We feel that the latest observations of the PIDE about the state of the economy are truly poised and timely.

Most of the analysts agree that projections made earlier about the growth rate of the economy, size of the fiscal deficit and the outcome in the external sector during FY12 are no more valid due to certain negative developments during the course of the year.

There are now almost clear indications that the growth rate target of 4.2 percent is not likely to be achieved and the fiscal deficit target of 4.7 percent of GDP is certainly going to be missed.

The current account balance of the country, which was in surplus last year has already registered a deficit of over $2.6 billion by January, 2012 and there is no hope of a reversal in this trend in the remaining months of the year.

The C/A deficit, it may be mentioned, would have been much larger if home remittances had not jumped to a record level.

However, the sustainability of this source of financing is definitely a matter of contention, which tends to increase the vulnerability of the country to external shocks.

The PIDE, in our view, has also done a service by highlighting the shift in the mode of budgetary borrowings and its impact on the effectiveness of monetary policy.

Up to now, most of the comments on this policy change had revolved around curtailment of credit to the private sector and the increase in lending rates.

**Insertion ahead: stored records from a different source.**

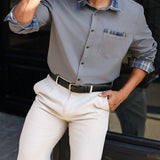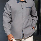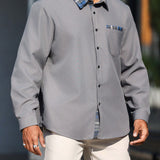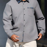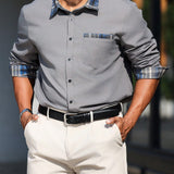 Manfinity casualmax camisa casual de manga larga con parche a cuadros para hombre talla grande, para otono, para salir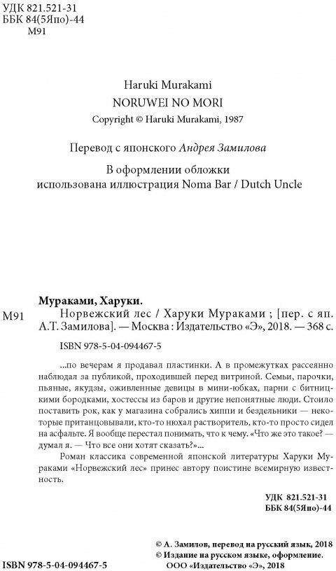 Книга: Норвежский лес (Мураками Харуки); ООО "Издательство "Эксмо", 2020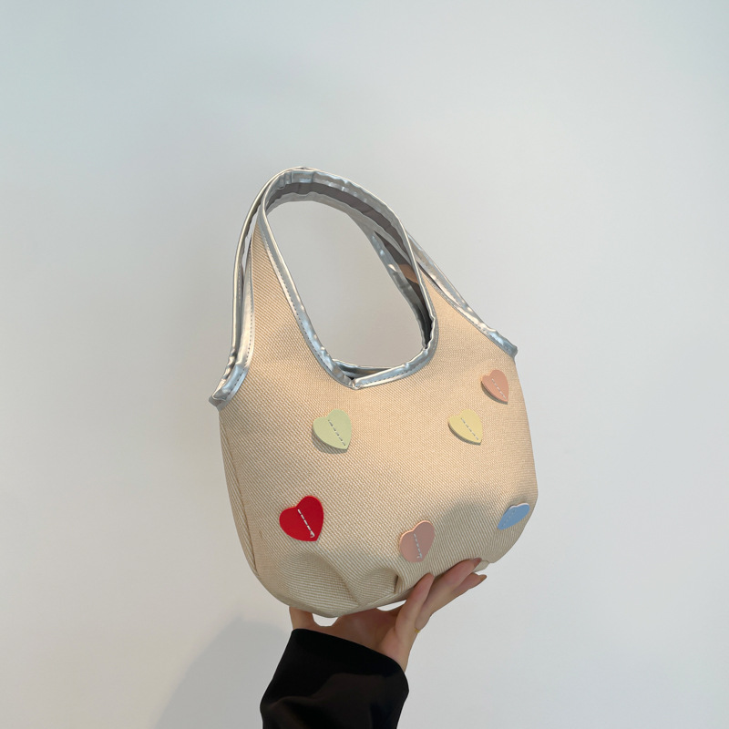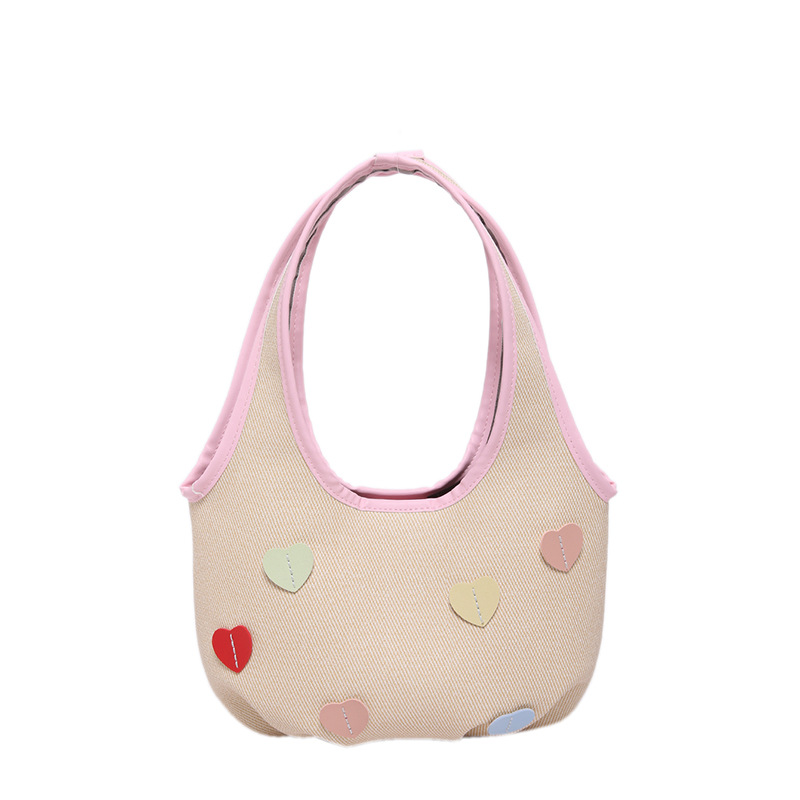 Carebears爱心熊大容量帆布包可爱绗缝刺绣手提包逛街购物斜挎包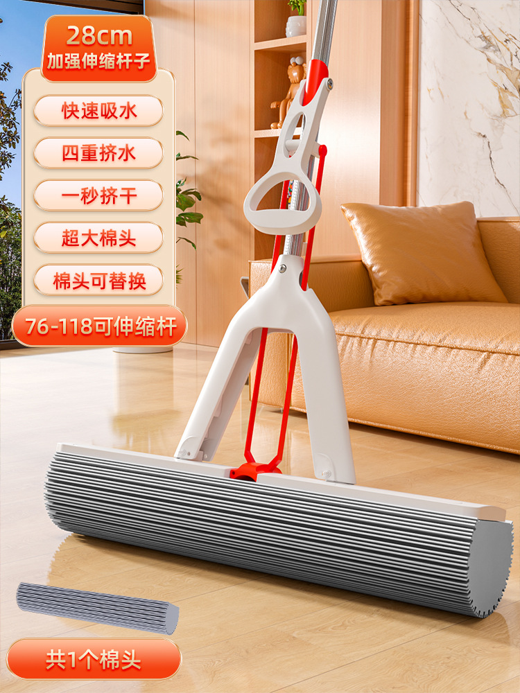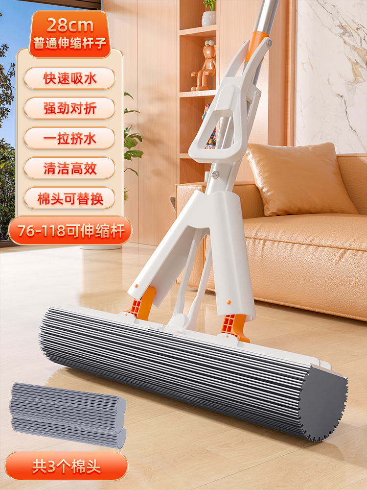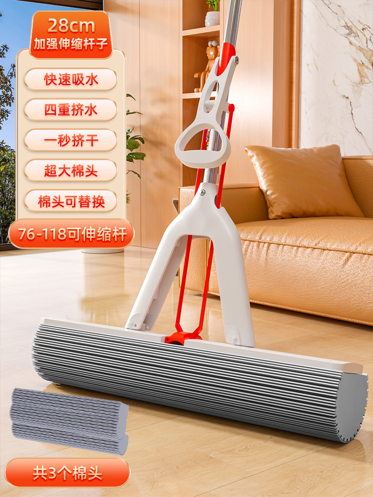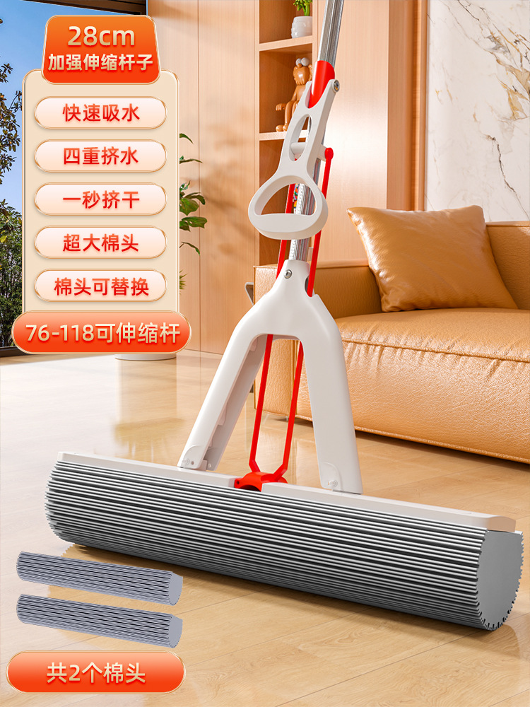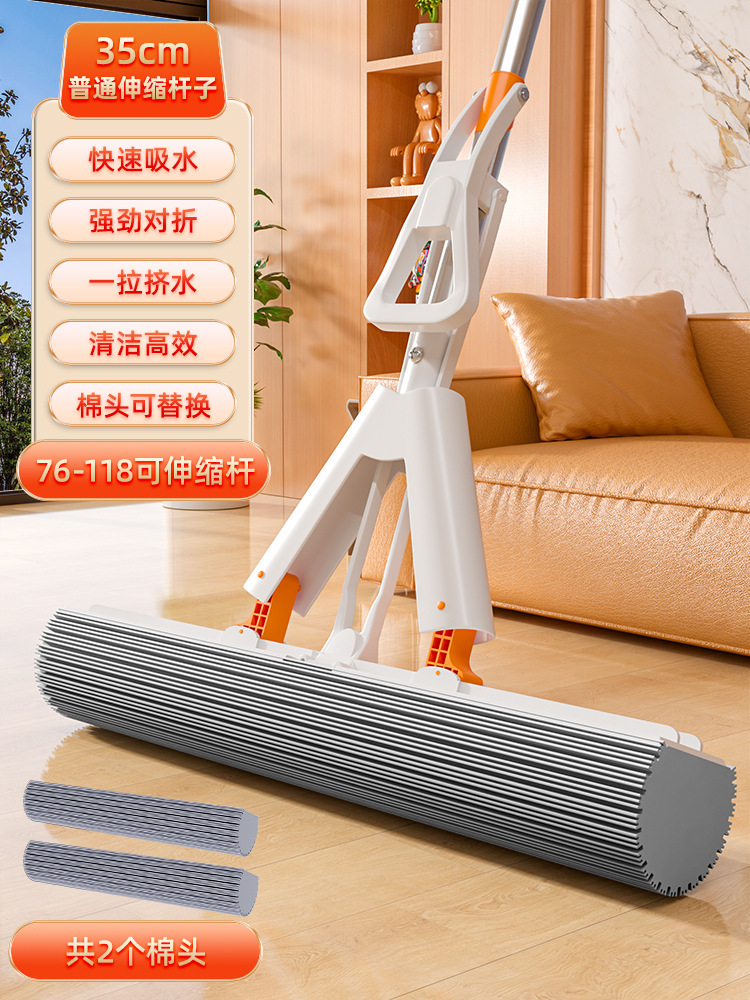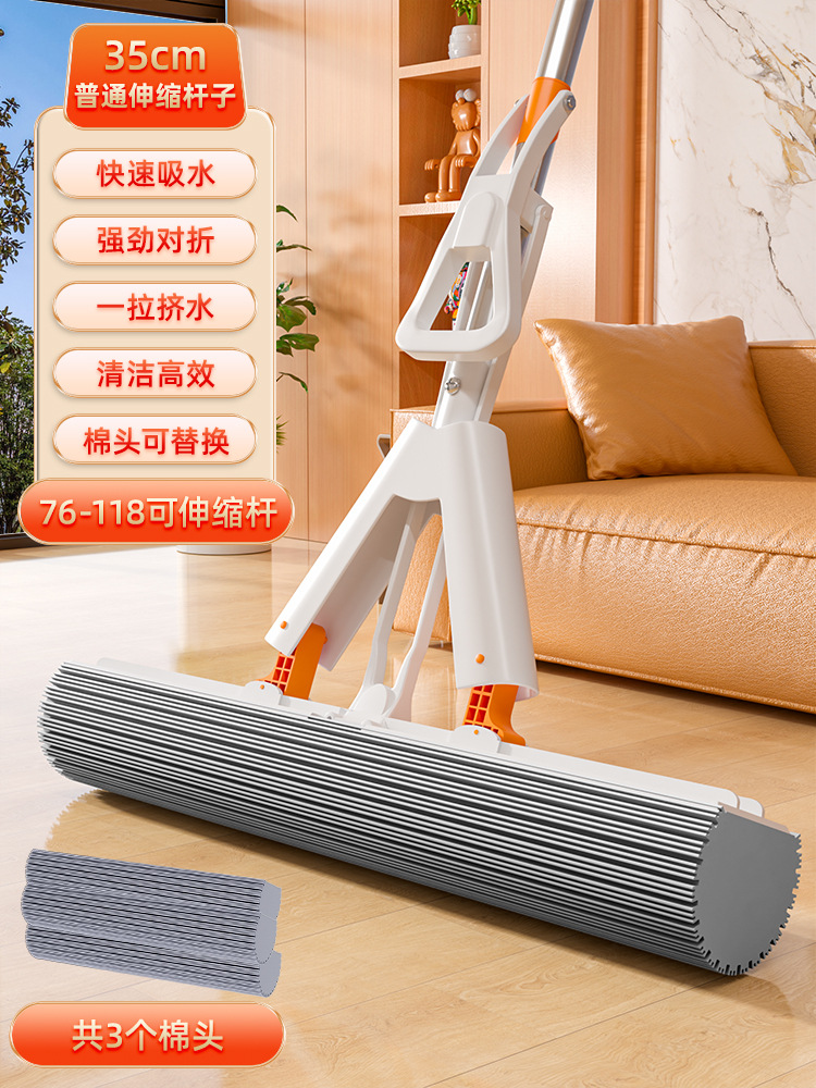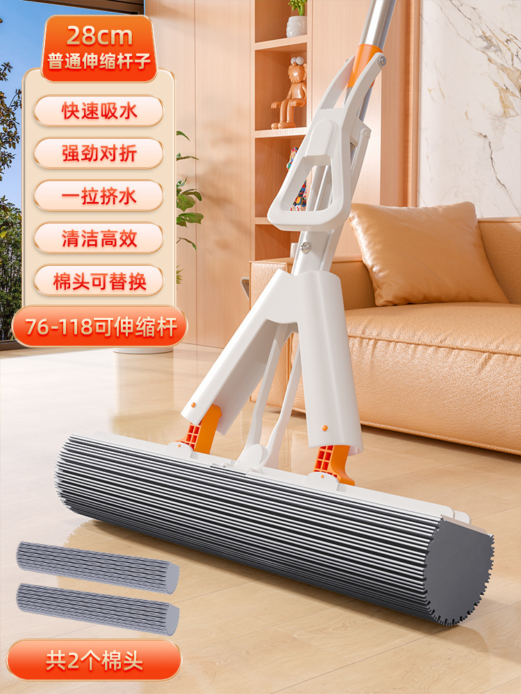 吸水拖把家用胶棉拖把懒人拖布海绵免手洗对折式一拖净舒棉拖把头

Hopefully, policy-makers and other analysts would now be in a better position to understand and appreciate the existence or accentuation of price pressures in the economy at a time when monetary policy of the country as denoted by the level of discount/bank rate was kept reasonably tight.

What blunted the efficacy of such a policy was obviously consistent injection of liquidity by the State Bank through the commercial banks to satisfy the unending appetite of the government for finances to bridge its budget deficit.

Contrary to the established practice, it also suited the commercial banks to assume an intermediary role between the central bank and the government because it provided them the opportunity to earn higher profits without raising their own resources and taking undue risks.

Clearly, the PIDE report has been released at the right time and is specifically meant to warn the government that the economy of the country is in a poor shape and cannot sustain the burden of populist measures which seems to be a preferred strategy at the moment to influence the outcome in the coming elections.

Such a mindset is of course sad and would destabilise the economy further, with the result that the incoming government would have to make greater efforts and adopt harsher measures to rehabilitate the economy and put it on a sustainable path of development.

Obviously, it would have been much better to leave the house in good order and set a worthy precedent to be followed by others but in the present circumstances, this seems to be no more than wishful thinking.

Anyhow, the PIDE has done its professional duty and we could only hope that its observations and advice are somehow able to strike the right chords in the right quarters.